Two stand out. First, there has been considerable litigation around decreasing health care benefits for current retirees and many of these changes have withstood scrutiny. In Colorado, this was litigated three decades before the adoption of the three-part test and found not to be a pension benefit. Even California has upheld changes to retiree health care benefits. However, some states (Hawaii, Alaska and Kentucky) have struck down changes and found them part of the core pension benefit, relying on state statutes or pension protection clauses in the respective state’s constitution. Illinois has had a mixed judicial record and the cases there have turned on the terms of collective bargaining agreements.

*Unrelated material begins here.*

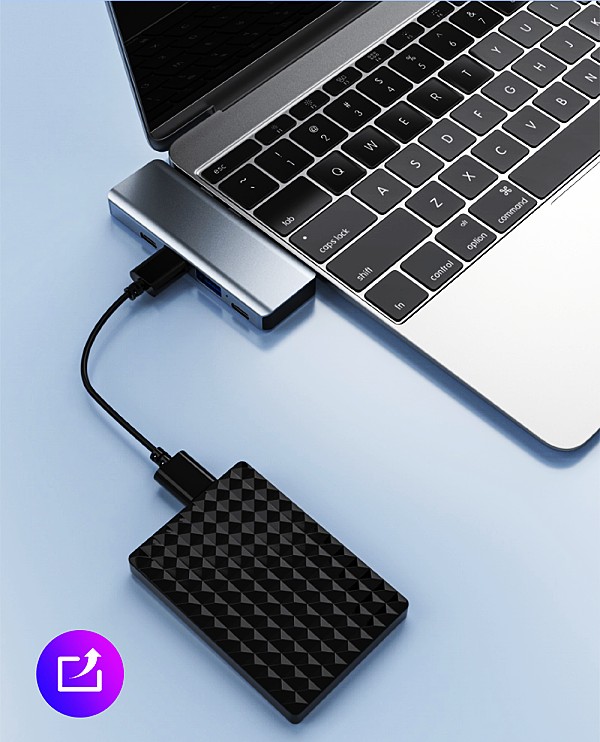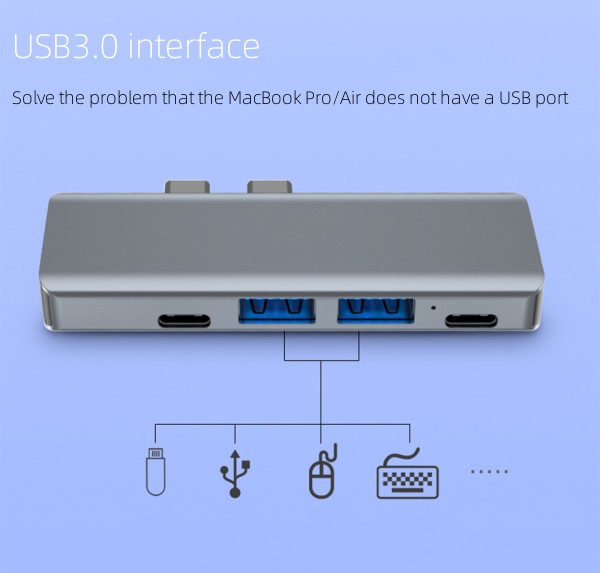 [USB 3.0 and power port] The high-speed USB 3.0 transfer rate is up to 5 Gbps, suitable for USB flash drives, mice, keyboards and other USB A 2.0 / USB A 3.0 devices. High-definition movies can be transmitted in a short time. At the same time, Type-C charging can quickly output up to 60W of power to avoid running out of power during use

Secondly, plan settlors have successfully modified the rules governing retirees’ ability to return to work for a public employer after retirement (while still collecting a retirement benefit). States that have litigated this issue have determined this is not a core pension benefit and thus is not protected by the Contract Clause.
Several benefit modifications involve changing future accrual of benefits for current employees. How have courts analyzed these changes?

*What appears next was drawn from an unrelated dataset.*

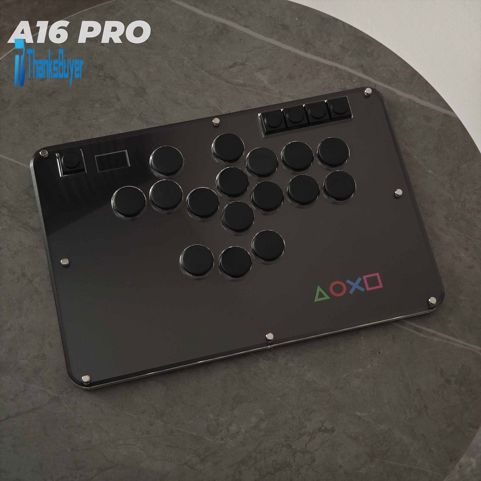 HAMGEEK A16 Pro Hitbox Black 16-Button Arcade Stick Arcade Controller w/ Low Profile Silver Switches

Courts have upheld many of these changes, reasoning that the Contract Clause does not protect the future accrual of benefits, but only benefits that have already been earned. This dovetails with the legal principle that, generally, a legislature cannot bind future legislatures. Thus, changes like lowering the formula multiplier for future service or moving employees into a new, less rich system for future service are often upheld. On the other hand, increasing the age/service credit requirements for active employees who are vested (as defined by that system) or revising service credit accrual retroactively have not been upheld, as courts have found these changes affected previously earned pension benefits and thus cannot be changed retroactively. This has been described as “moving the goalposts,” and has often been struck down. One exception has been that some systems have changed the calculation of final salary (often called highest average salary) for active employees who are not currently eligible for retirement and those changes have survived challenge.

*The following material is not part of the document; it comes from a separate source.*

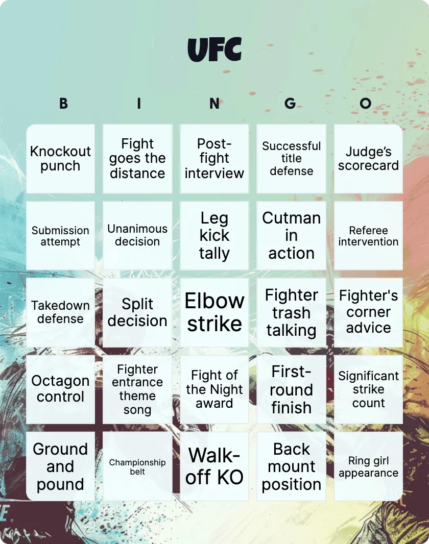 UFC Bingo: Printable Customizable Bingo Card Creator
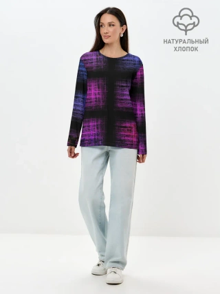 Лонгслив женский. Хлопок / Неоновая абстракция

As always, there are exceptions to these trends. Arizona, a state with a pension protection clause and common law that employees vest into their pension benefits upon commencement of employment, has barred prospective changes to a lower multiplier for future service.
What future benefits litigation is on the horizon?
This area of law has been challenging in that, unlike COLA litigation, plans have made a wide range of changes to benefits, resulting in litigation that has been far more varied than COLA litigation which tends to affect a single benefit (COLA) for a certain cohort (retirees). In addition, anecdotal information suggests systems are making changes every year that could be litigated, but aren’t. Thus, predicting what changes are litigated requires predicting which changes in which jurisdictions are most likely to lead to litigation.
What benefits changes may be litigated? Systems will look for more near-term savings as a dollar saved this fiscal year is worth far more than a dollar (or even many dollars) saved in a generation. Systems will examine changes that save them money in the present, such as health care benefits for retirees. Similarly, systems will consider raising contributions for current employees or employers because they increase the system’s bottom line this year. Those near-term benefit reductions are more likely to be litigated than reduced benefits, which workers may not realize for decades.
States with pension protection clauses in their constitutions, a commitment to the California Rule or decisions finding early vesting by current employees are most likely to see new litigation, as litigants may feel they have a better chance to successfully challenge the benefit reductions. In addition, there are still many states that have had no pension litigation in the last 10 to 20 years and would also appear likely to see future litigation as parties believe they have more of a blank slate for securing favorable decisions.